The dispute at issue in the opinion arose out of the limited partnership agreement (the “Agreement”) of Cantor Fitzgerald, L.P. (the “Partnership”).  The Agreement included provisions that denied certain deferred distributions of capital account balances and grant amounts (the “Conditioned Payments”) to former limited partners if such former partners engaged in competitive activities within four years after ceasing to be limited partners.  The plaintiffs, a group of former limited partners of the Partnership, withdrew from the Partnership, resigned from their employment with an affiliated entity, and began working for various competitors.  After their withdrawal, the Partnership determined that the former partners breached their non-competition obligations by engaging in competitive activities, and the Partnership withheld the Conditioned Payments in amounts ranging from roughly $100,000 to over $5 million.  The plaintiffs subsequently filed suit in the Delaware Court of Chancery, alleging breach of contract claims and, among other things, that the forfeiture-for-competition provisions were unenforceable.  In January 2023, the Delaware Court of Chancery ruled in the plaintiffs’ favor, noting that Delaware’s public policy has a “distaste for liquidated damages provisions that restrain trade by requiring employees to pay former employers if they compete,” and held that forfeiture-for-competition provisions are subject to review for reasonableness.

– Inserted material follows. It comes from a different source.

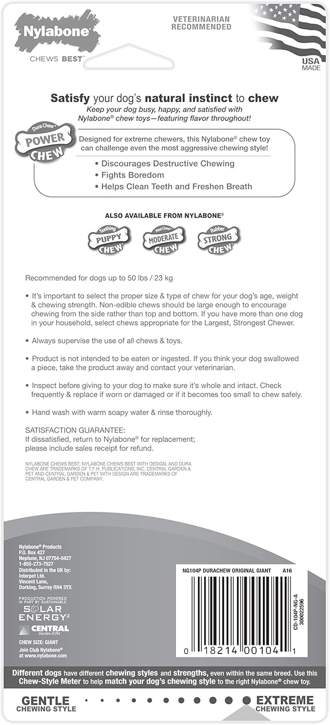 Nylabone Power Chew Classic Bone Chew Toy for Dogs, Durable Dog Toys for Aggressive Chewers, Original Flavor, Large/Giant - Up to 50 lbs. (1 Count)

In a decision rendered on appeal on January 29, 2024, the Delaware Supreme Court reversed the Court of Chancery’s holding.  The Court reviewed the public policy considerations associated with non-competition provisions and related liquidated damages provisions and compared them to the public policy considerations associated with forfeiture-for-competition provisions.  In analyzing whether to enforce the forfeiture-for-competition provisions, the Court distinguished between a restrictive non-competition covenant that prevents an individual from working in a specific field (which may be subject to injunctive relief) and a forfeiture-for competition provision that allows an individual to work but imposes a cost for doing so (which is not subject to injunctive relief).  The Court also noted that 6 Del. C. § 17-306 permits partnership agreements to contain consequences that are not available in other commercial contracts, such as penalties and forfeitures, and that the Delaware Revised Uniform Limited Partnership Act has a stated policy “to give maximum effect to the principle of freedom of contract and to the enforceability of partnership agreements.”  While recognizing that freedom of contract is not unbounded, the Court found that the public policy interest that is present when a court reviews the reasonableness of a restriction on working in a specific field is much stronger than the public policy interest in preventing employees from forfeiting benefits for choosing to compete.  As a result, the Court found that the forfeiture-for-competition provisions in this case are not subject to review for reasonableness. 

The Court’s opinion in Cantor Fitzgerald highlights that, in the context of Delaware limited partnerships, Delaware courts (i) recognize a strong public policy of freedom of contract, and (ii) absent some form of bad faith or unconscionability, will generally preserve contractual flexibility and hold parties to their bargained-for agreements.